Leaving out pictures, output exactly the lines below from the one that has "Nadleśnictwo Sławno wraz" through the one that has "La construction d'un", and nothing else.

SUPPLIED ENTRIES

....

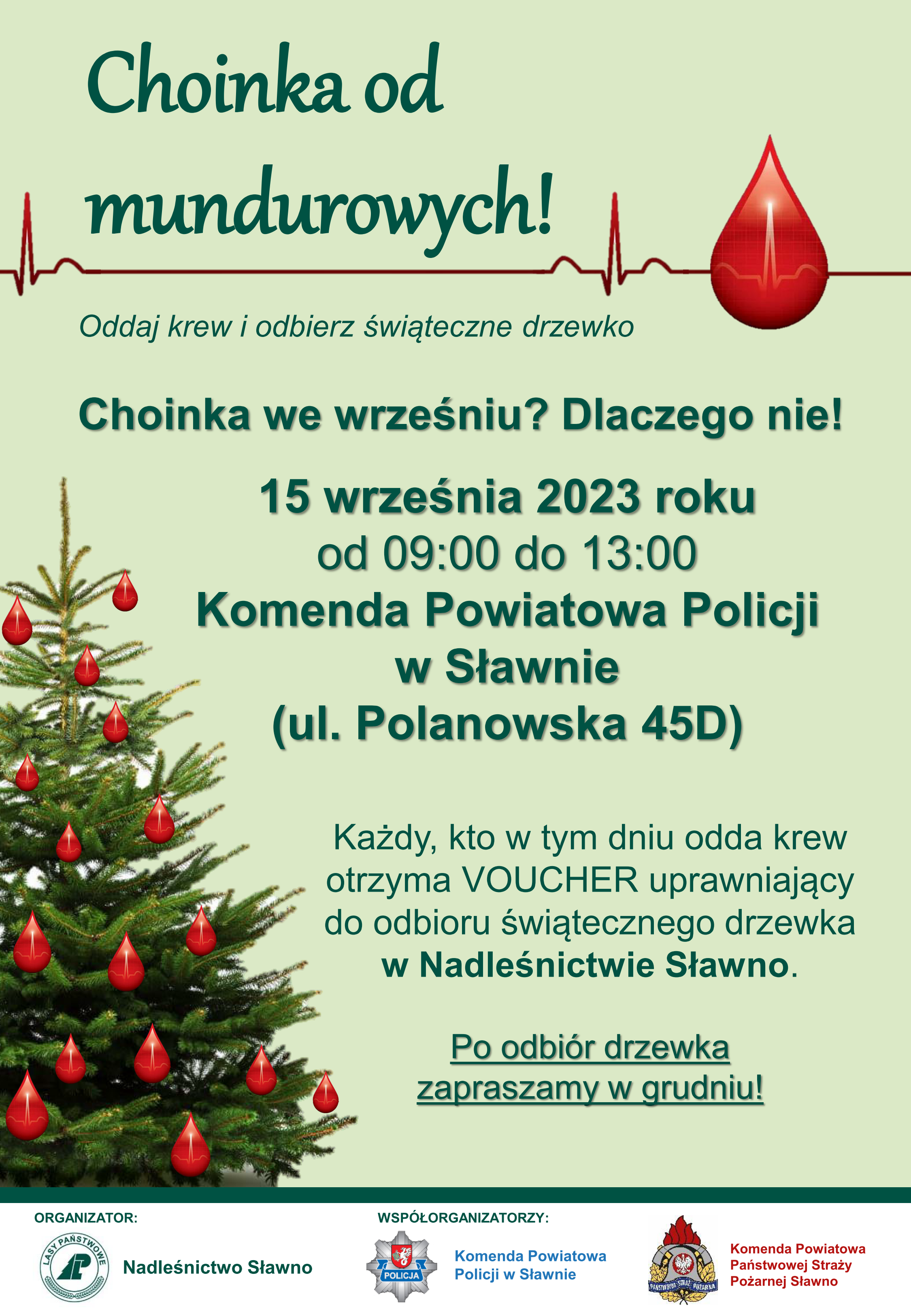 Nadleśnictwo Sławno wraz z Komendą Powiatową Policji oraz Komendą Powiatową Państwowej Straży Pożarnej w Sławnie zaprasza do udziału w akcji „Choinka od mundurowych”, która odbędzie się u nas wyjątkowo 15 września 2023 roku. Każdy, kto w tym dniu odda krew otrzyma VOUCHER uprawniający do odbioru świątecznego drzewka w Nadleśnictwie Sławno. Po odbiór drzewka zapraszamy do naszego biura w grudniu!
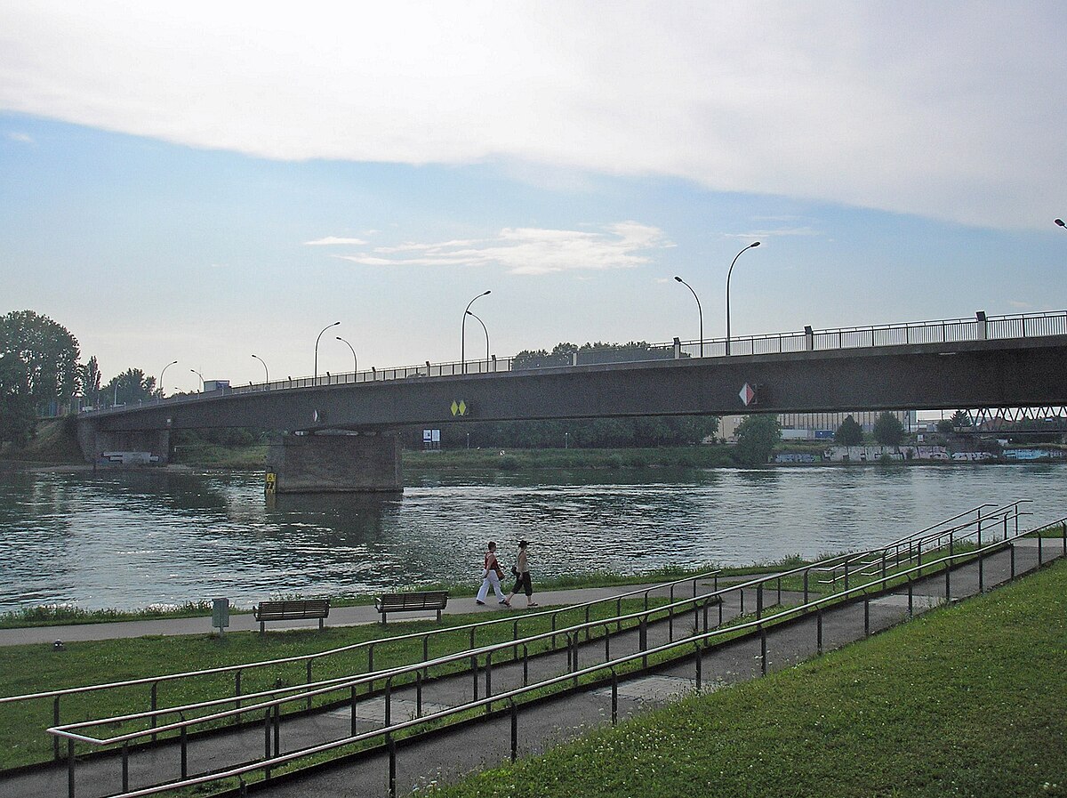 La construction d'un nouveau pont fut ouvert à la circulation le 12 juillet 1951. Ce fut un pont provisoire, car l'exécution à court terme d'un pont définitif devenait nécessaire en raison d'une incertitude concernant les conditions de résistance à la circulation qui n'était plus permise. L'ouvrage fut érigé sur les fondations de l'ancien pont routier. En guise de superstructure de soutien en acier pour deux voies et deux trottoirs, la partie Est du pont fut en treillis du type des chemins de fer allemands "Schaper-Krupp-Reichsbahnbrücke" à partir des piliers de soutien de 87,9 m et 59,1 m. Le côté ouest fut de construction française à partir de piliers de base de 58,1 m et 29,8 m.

....

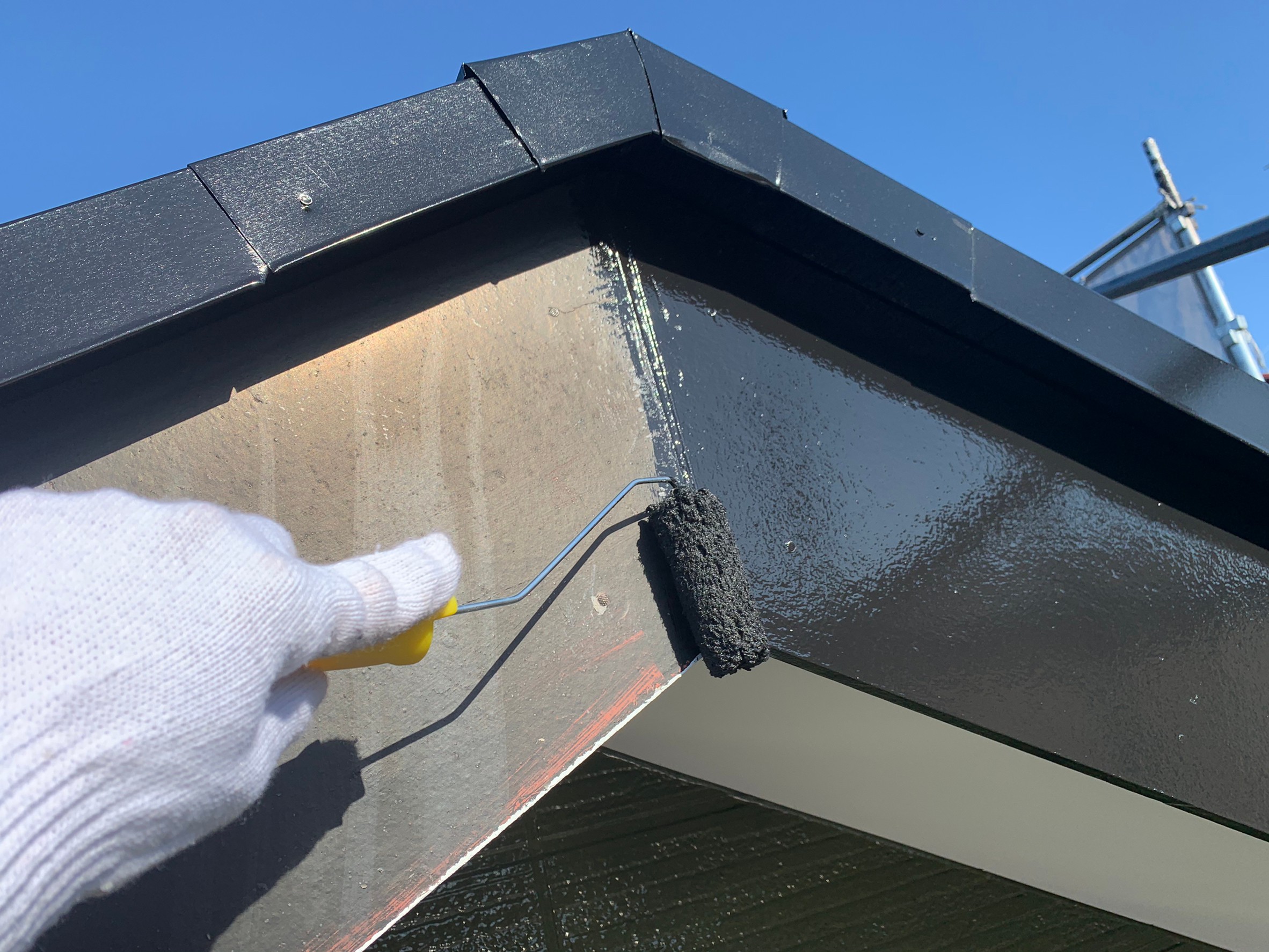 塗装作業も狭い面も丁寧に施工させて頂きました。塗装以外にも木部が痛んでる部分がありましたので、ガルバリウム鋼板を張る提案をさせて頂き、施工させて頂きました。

....

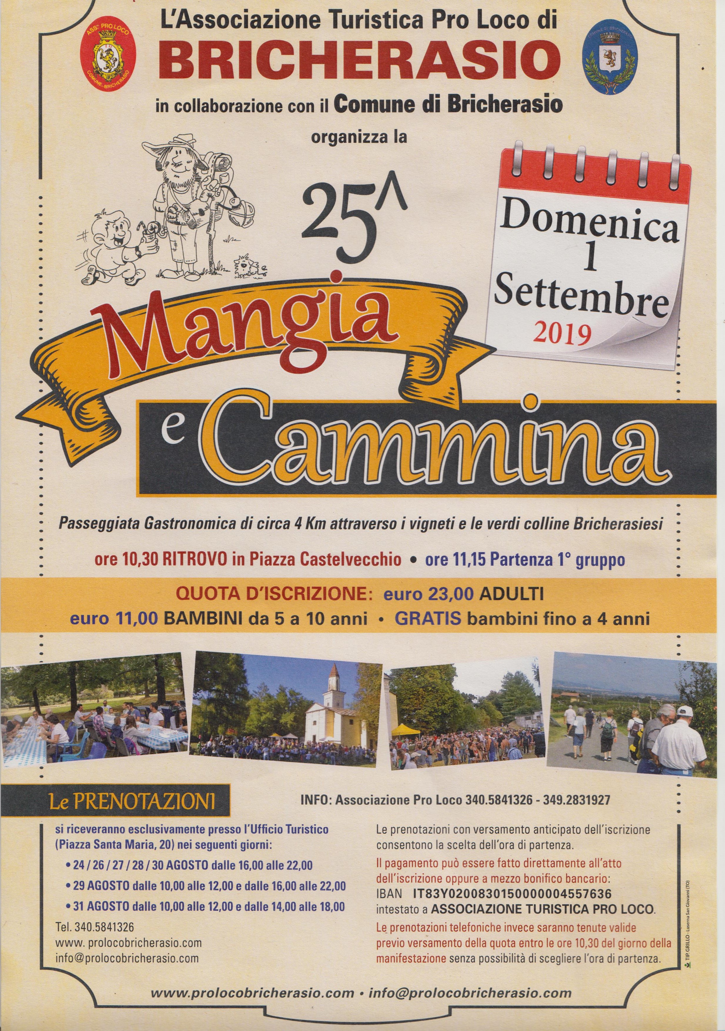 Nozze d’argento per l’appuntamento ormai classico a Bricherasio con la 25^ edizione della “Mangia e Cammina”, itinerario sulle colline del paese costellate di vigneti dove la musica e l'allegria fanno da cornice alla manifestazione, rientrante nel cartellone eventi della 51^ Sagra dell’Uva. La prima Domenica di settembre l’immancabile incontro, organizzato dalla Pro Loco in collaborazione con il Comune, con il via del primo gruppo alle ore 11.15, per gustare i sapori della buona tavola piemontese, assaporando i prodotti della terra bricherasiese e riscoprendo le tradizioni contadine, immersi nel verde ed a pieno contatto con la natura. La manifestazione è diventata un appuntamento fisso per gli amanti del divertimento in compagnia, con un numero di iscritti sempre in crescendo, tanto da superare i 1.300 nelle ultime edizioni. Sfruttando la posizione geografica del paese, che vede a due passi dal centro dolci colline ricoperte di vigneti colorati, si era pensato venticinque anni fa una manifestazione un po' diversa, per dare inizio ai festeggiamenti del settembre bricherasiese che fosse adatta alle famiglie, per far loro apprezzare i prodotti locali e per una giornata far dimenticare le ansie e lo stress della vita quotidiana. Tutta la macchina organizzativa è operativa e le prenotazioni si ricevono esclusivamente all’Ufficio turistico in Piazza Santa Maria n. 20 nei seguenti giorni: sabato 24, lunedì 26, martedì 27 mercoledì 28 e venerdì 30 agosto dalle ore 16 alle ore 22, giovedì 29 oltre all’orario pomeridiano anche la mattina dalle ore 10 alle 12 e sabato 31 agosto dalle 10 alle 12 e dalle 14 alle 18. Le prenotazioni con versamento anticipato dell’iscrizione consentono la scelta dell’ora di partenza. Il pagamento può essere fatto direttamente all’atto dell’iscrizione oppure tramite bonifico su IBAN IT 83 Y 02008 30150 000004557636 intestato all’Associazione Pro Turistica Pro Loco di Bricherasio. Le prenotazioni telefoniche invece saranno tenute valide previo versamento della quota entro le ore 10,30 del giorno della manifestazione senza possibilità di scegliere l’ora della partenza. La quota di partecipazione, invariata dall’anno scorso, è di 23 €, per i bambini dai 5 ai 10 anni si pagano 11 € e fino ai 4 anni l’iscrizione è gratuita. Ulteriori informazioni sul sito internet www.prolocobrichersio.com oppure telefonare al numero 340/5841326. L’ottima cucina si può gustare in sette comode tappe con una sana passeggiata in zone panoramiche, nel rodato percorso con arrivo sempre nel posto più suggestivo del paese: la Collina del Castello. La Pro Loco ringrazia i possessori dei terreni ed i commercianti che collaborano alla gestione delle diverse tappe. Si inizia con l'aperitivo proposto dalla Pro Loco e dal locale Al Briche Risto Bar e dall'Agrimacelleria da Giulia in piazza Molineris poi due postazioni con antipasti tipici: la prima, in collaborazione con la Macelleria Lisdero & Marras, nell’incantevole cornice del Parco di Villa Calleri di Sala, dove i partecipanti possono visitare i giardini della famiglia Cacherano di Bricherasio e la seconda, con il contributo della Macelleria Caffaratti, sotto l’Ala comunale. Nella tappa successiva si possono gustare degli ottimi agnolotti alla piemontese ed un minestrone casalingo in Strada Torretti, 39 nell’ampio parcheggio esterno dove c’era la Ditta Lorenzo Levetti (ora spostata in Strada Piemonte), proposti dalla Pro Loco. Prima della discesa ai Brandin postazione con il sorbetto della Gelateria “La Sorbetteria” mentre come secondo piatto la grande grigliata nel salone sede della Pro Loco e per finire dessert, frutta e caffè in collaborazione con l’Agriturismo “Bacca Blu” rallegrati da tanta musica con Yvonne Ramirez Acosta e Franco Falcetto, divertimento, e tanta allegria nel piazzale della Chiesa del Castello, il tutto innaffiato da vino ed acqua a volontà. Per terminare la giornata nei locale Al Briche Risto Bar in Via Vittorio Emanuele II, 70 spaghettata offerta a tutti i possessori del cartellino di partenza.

....

COMPLETED TASK
 Nadleśnictwo Sławno wraz z Komendą Powiatową Policji oraz Komendą Powiatową Państwowej Straży Pożarnej w Sławnie zaprasza do udziału w akcji „Choinka od mundurowych”, która odbędzie się u nas wyjątkowo 15 września 2023 roku. Każdy, kto w tym dniu odda krew otrzyma VOUCHER uprawniający do odbioru świątecznego drzewka w Nadleśnictwie Sławno. Po odbiór drzewka zapraszamy do naszego biura w grudniu!
 La construction d'un nouveau pont fut ouvert à la circulation le 12 juillet 1951. Ce fut un pont provisoire, car l'exécution à court terme d'un pont définitif devenait nécessaire en raison d'une incertitude concernant les conditions de résistance à la circulation qui n'était plus permise. L'ouvrage fut érigé sur les fondations de l'ancien pont routier. En guise de superstructure de soutien en acier pour deux voies et deux trottoirs, la partie Est du pont fut en treillis du type des chemins de fer allemands "Schaper-Krupp-Reichsbahnbrücke" à partir des piliers de soutien de 87,9 m et 59,1 m. Le côté ouest fut de construction française à partir de piliers de base de 58,1 m et 29,8 m.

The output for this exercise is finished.